Today is Children’s Day, so Happy Children’s Day, children all over the world! This day is also a reminder that children are our future. We must educate them and offer them the best start in life we can. There are so many schools for children all over the world that have awful conditions, but education must be available to all. Today, we pay tribute to all the children who helped change the world. We’re going to present you four children who changed the world we live in and made it better.
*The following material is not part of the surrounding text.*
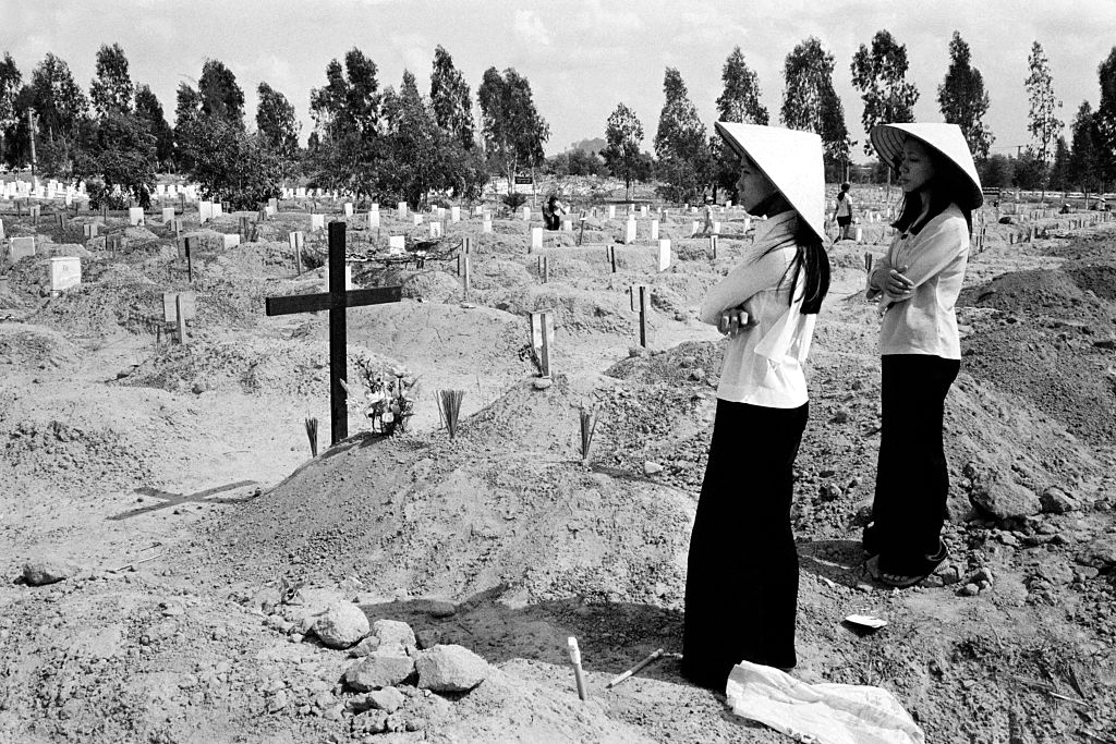 Two Vietnamese women mourn their relatives on April 29, 1975, at Bien Hoa military cemetery as the US started to evacuate their embassy in Saigon. (Françoise Demulder / AFP via Getty Images)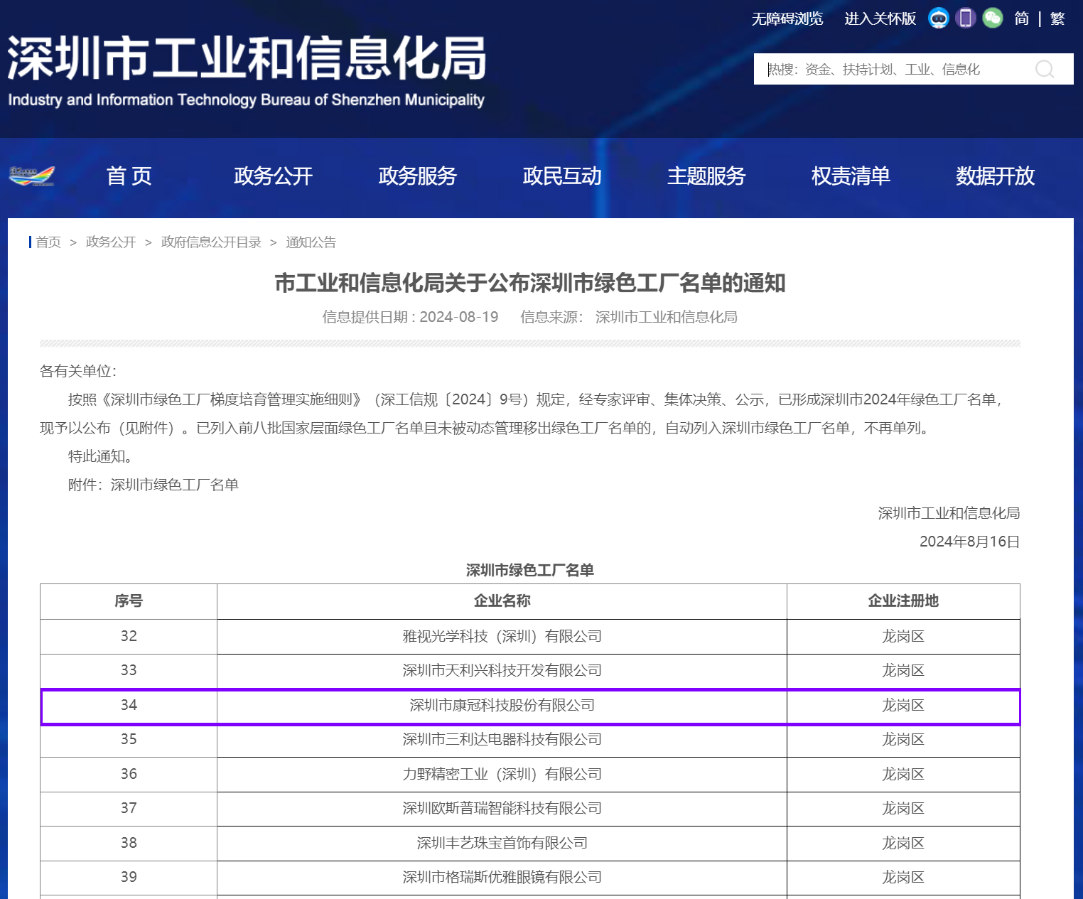 8月16日,深圳市工业和信息化局公布2024年度深圳市绿色工厂名单,MK体育·(国际)官方网站 - mksport入选名单,彰显mk体育以切实行动引领产业绿色发展,积极践行绿色理念,充分履行社会责任。此荣誉的获得,标志公司在可持续发展道路上迈出了坚实的一步。

Louis Braille was born in Coupvray, a little village in France. His father had a crafts shop. When Louis was three, he tried to cut a piece of leather with a sharp tool and injured himself. He lost his right eye and soon after, his left eye became inflamed. At the age of 5, Louis Braille was blind. Back then, blindness meant total social exclusion, but his father taught him how to read by guiding his fingers on wood with nails. He became the best child in his class and, in 1821, he learned the night writing system which was used by the French Army. The system was made up of raised points and dots, but it was a complicated system which Braille simplified. Louis Braille presented his brand new code at the ripe age of 15 and published the first version of the Braille system in 1829.
Nkosi was a South-African child who changed the world through his HIV/AIDS campaigning. He was born seropositive in a village close to DAnnhauser. He never met his father and his mother died the year he started going to school. The boy was adopted by Gail Johnson, a PR specialist, after his mother could no longer care for him. After he was refused by a primary school in a suburb of Johannesburg because of his illness, his voice was heard throughout the country and the constitution of South Africa banned medical discrimination. At the time of his death, Nkosi was the oldest living child born with the disease.
Malala Yousafzai (1997-present)
Malala was born in Mingora, Pakistan. When she was 11, she wrote to the BBC about her life under the Taliban regime and how the girls in her community are denied an education. In 2011, she was awarded a Peace Prize for her courage to speak up about her problems. This drew the Taliban’s attention who shot her in the head in October 2012. Surprisingly, Malala survived and is now living in the UK. She held a speech for the UN and said that she wouldn’t let the terrorists intimidate her.
Iqbal was born in 1983 in a little village outside Lahore, Pakistan. When he was four, his family forced him to start working in the rug industry, so that the family could pay back a debt of 16 dollars. He was working in chains, with other children, for 14 hours a day, six days a week. He only had a 30 minute break each day and weighed 27 kilograms and measured 1,2 meters. When Iqbal was 10, his slavery ended after forced child labor was declared illegal by Pakistan’s Supreme Court. He joined a front of forber forced labor victims and helped over 3,000 children regain their freedom. He started giving speeches thrgouhout the world about forced labor, but after he returned from a trip to the US, he was mistakenly shot by a farmer. He was 12 and many believe he was assassinated.